June 12 is unofficially Loving Day in honor of that brave family.
Our personal relation to this story goes back a few years even though we only heard of them a few days ago.
When we applied for a marriage license we were told that we had to fill in the appropriate box for "race". I tried "Other", "Human", "Indo-Dravidian" and "1500 meters". Tiel checked all the ones that applie, Asian, Black and Native American. We were informed that we couldn't get married unless we filled out one and one officially accepted choice only. We gritted our teeth and did as told although I did scrawl "Pongid".
Calling the various government bureaus didn't help. The State Health Statistics people were downright angry. They collected the statistics because it was the Law. Why was the law there? Why, because they needed it to collect the stastics. And they sent them to the Census Bureau and NIH. Who were we to question that?
The Census bureau and NIH told us they didn't have any real use for the numbers but took them because a number of States insisted on supplying the data.

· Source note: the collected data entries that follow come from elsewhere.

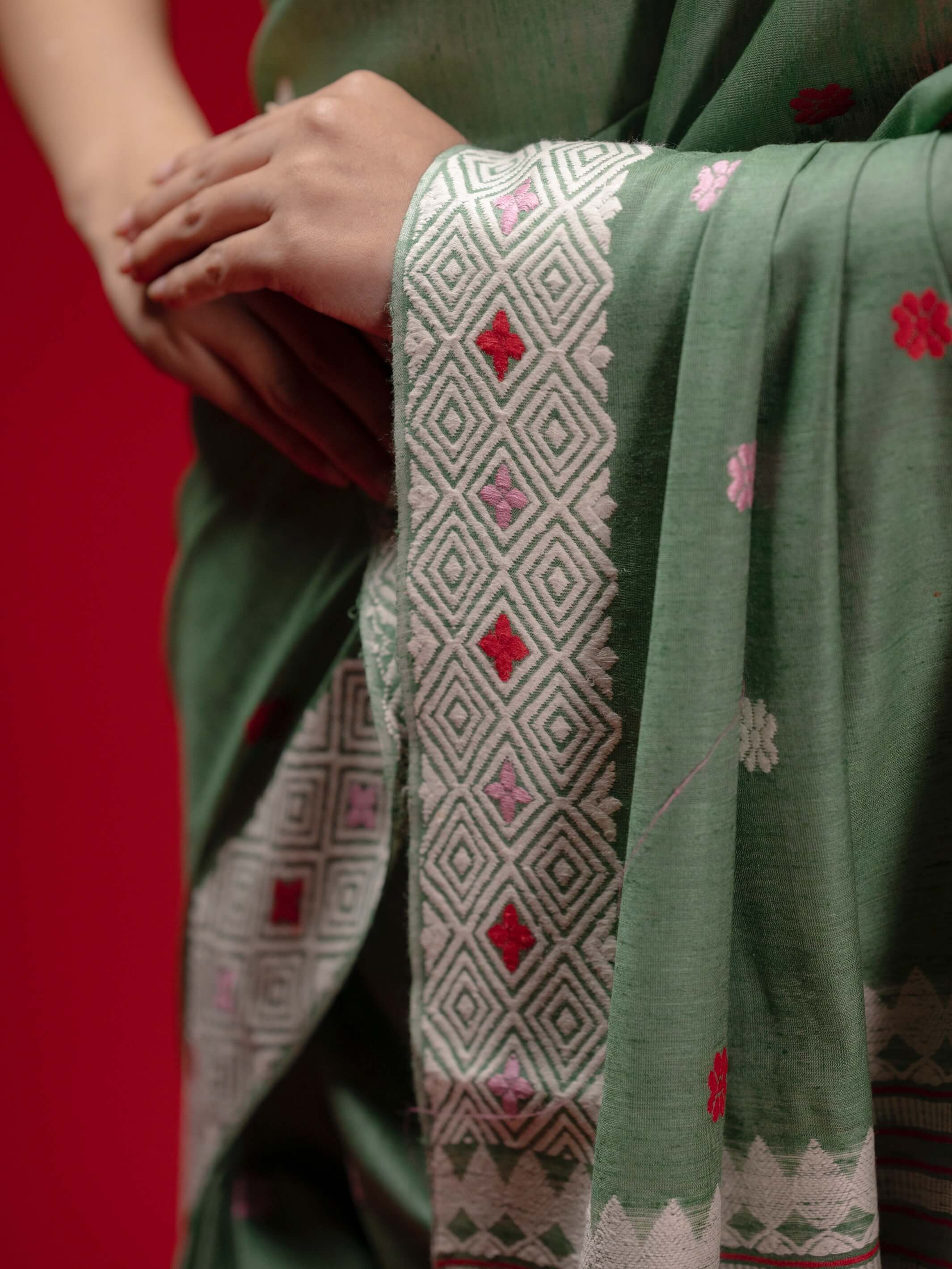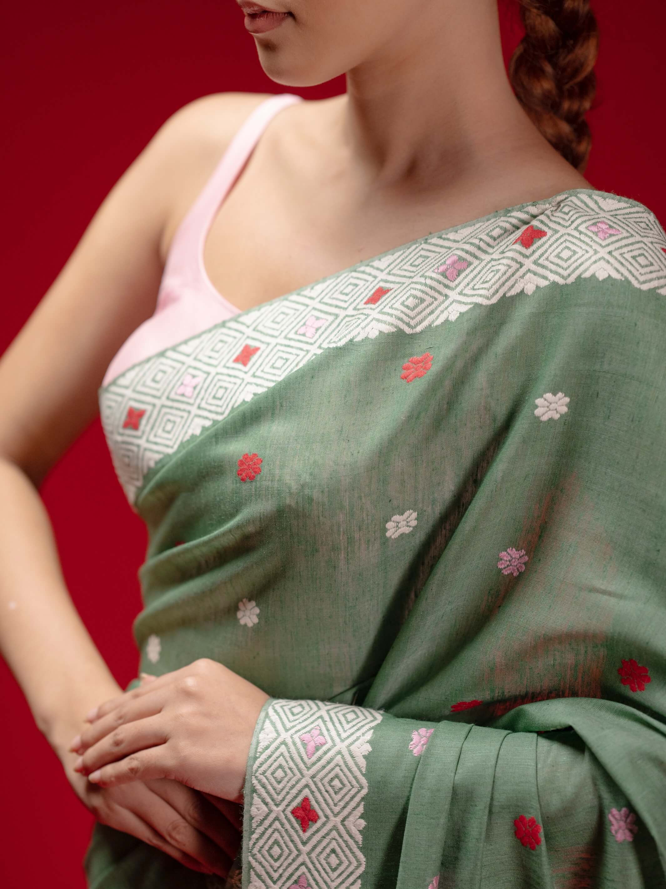 With a soft and pleasing colour palette, this Eri Kesa Paat silk saree in soothing sage green, evoking a sense of freshness and harmony, is a reflection of the perfect weaving tradition that is hundreds of years old. The mix of floral and geometric tribal patterns in white, speckled with multicoloured meenakari, the immaculately woven borfi (diamond) border lends a wonderful contemporary vibe, making this the perfect saree for the rooted yet progressive woman.
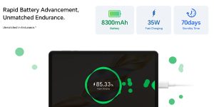 A powerful 8300mAh battery supports 35W fast charging via USB-C port, lasting for long periods of daily use
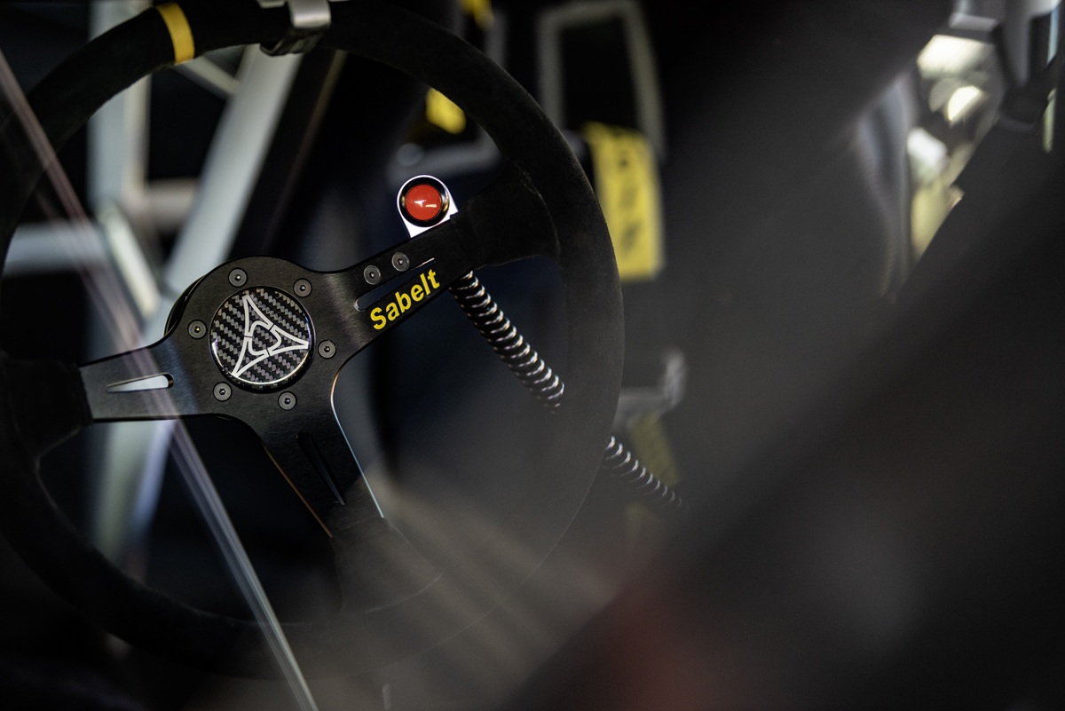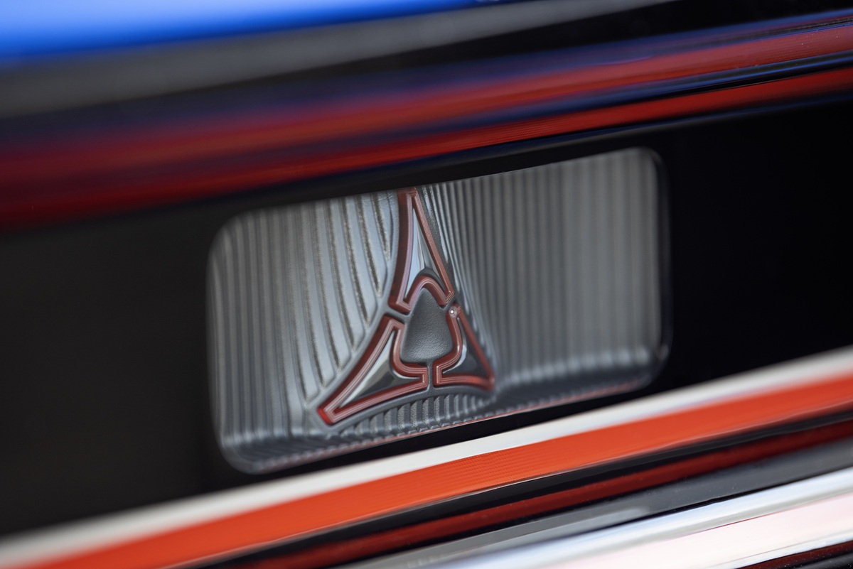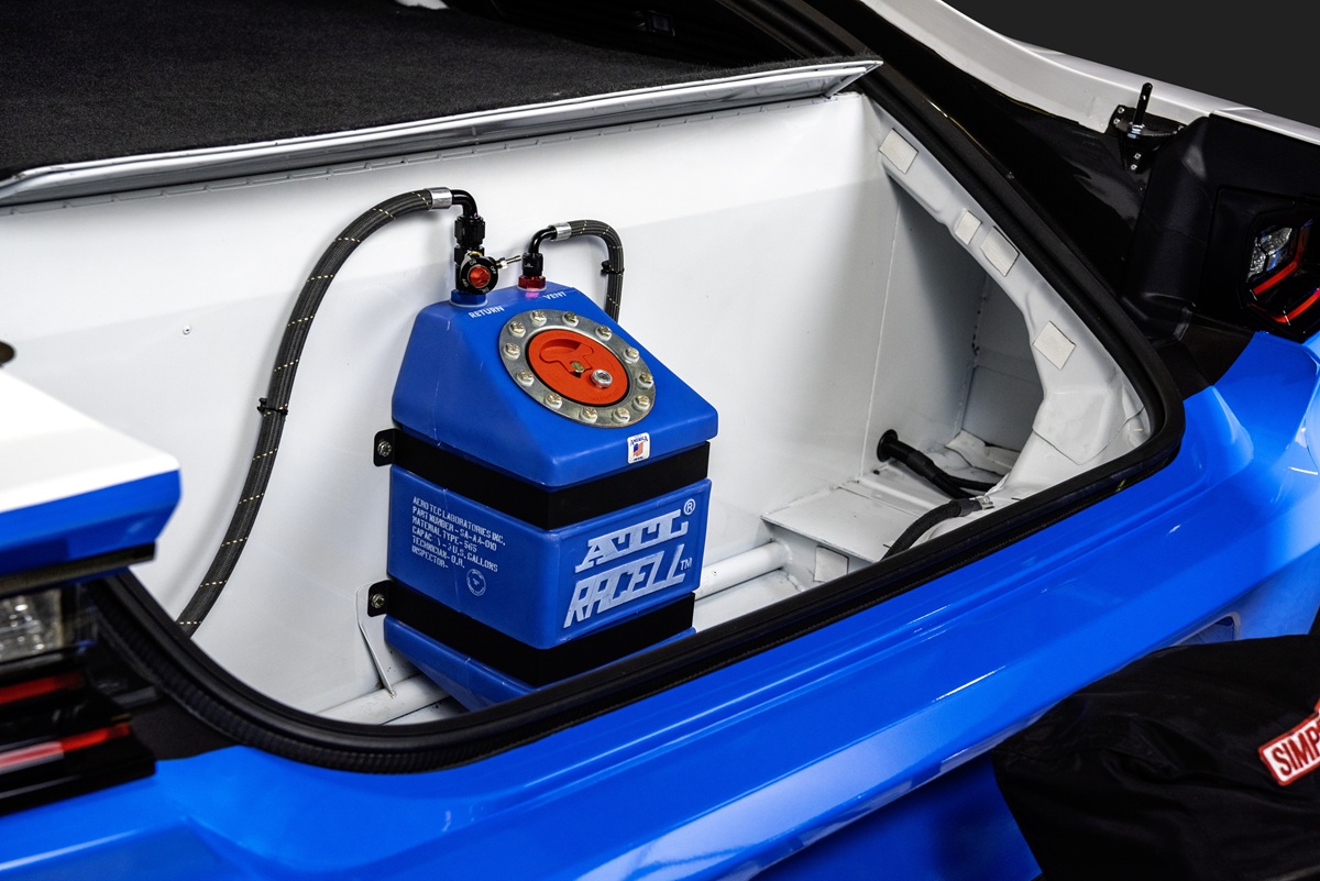 The muscular widebody race car has been further enhanced with a lightweight front suspension K member, front and rear bumpers, driveshaft loop, chromoly safety cage, 10-foot cross-form parachute and wheelie bar with wheels inspired by the iconic Fratzog logo.
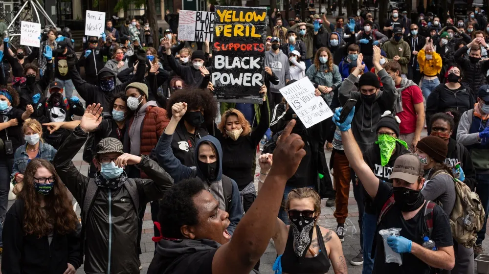 Người biểu tình ở Seattle, bang Washington phản đối vụ cảnh sát ghì chết người đàn ông da màu George Floyd. Ảnh: AFP

We looked a little further. It turned out the requirement went back to the 1850s and the original Oregon Organic Law that forbade a "member of the White Race" from marrying a "Free Negro, Mulatto, Kanaka or Chinaman". The County had to collect the information to make sure no miscegenation occured. The laws against such marriages were kicked over by judicial decree in the 1950s. The last vestiges sat rotting in the statutes until we asked the Oregon Legislature to remove them, which they did. It didn't take a Federal case this time. In a generation almost nobody will remember that we used to have laws that stupid.